DATA SECTION |
****************************************
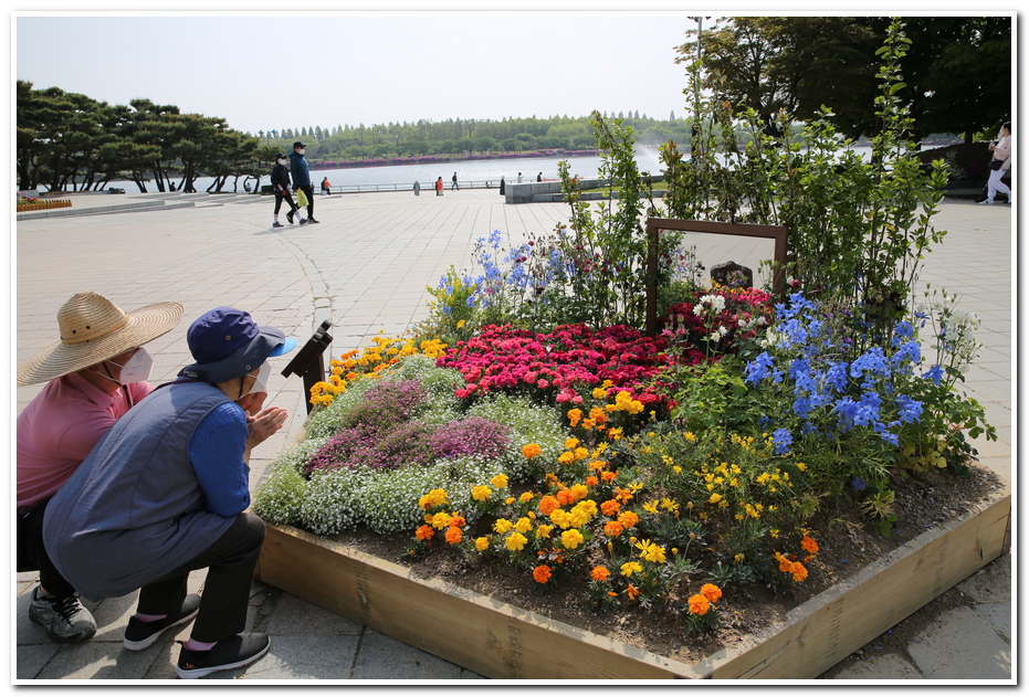 시민들이 직접 소규모의 정원을 만들어호수공원을 찾는 사람들에게
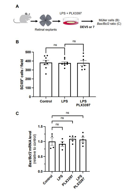 Figure S8. Impact of LPS plus PLX3397 treatment on the survival of mouse Müller glial cells. (A) Outline of the experimental procedure used in (B, C). Retinas from wild-type mice were flattened and cultured in the presence of LPS, PLX3397 or LPS plus PLX3397. Retinal explants were processed for immunostaining analysis at DEV7 (B) or processed for qPCR analysis at DEV5 (C). (B) Quantification of SOX9-positive cells (Müller cells). (C) Retinal qPCR analysis of Bax/Bcl2 expression ratio. Data are represented as mean ± SEM, and each point represents one retinal explant. ns: nonsignificant (Mann-Whitney test). |
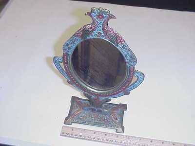 Victorian Vanity Mirror Solid Brass Hand Painted Excellent Condition OLD
****************************************
Starting with the line that holds "Figure S8. Impact", repeat exactly every line through the end of the material above, both ends included, without the pictures.

RESULT FOR THIS TASK |
 Figure S8. Impact of LPS plus PLX3397 treatment on the survival of mouse Müller glial cells. (A) Outline of the experimental procedure used in (B, C). Retinas from wild-type mice were flattened and cultured in the presence of LPS, PLX3397 or LPS plus PLX3397. Retinal explants were processed for immunostaining analysis at DEV7 (B) or processed for qPCR analysis at DEV5 (C). (B) Quantification of SOX9-positive cells (Müller cells). (C) Retinal qPCR analysis of Bax/Bcl2 expression ratio. Data are represented as mean ± SEM, and each point represents one retinal explant. ns: nonsignificant (Mann-Whitney test). |
 Victorian Vanity Mirror Solid Brass Hand Painted Excellent Condition OLD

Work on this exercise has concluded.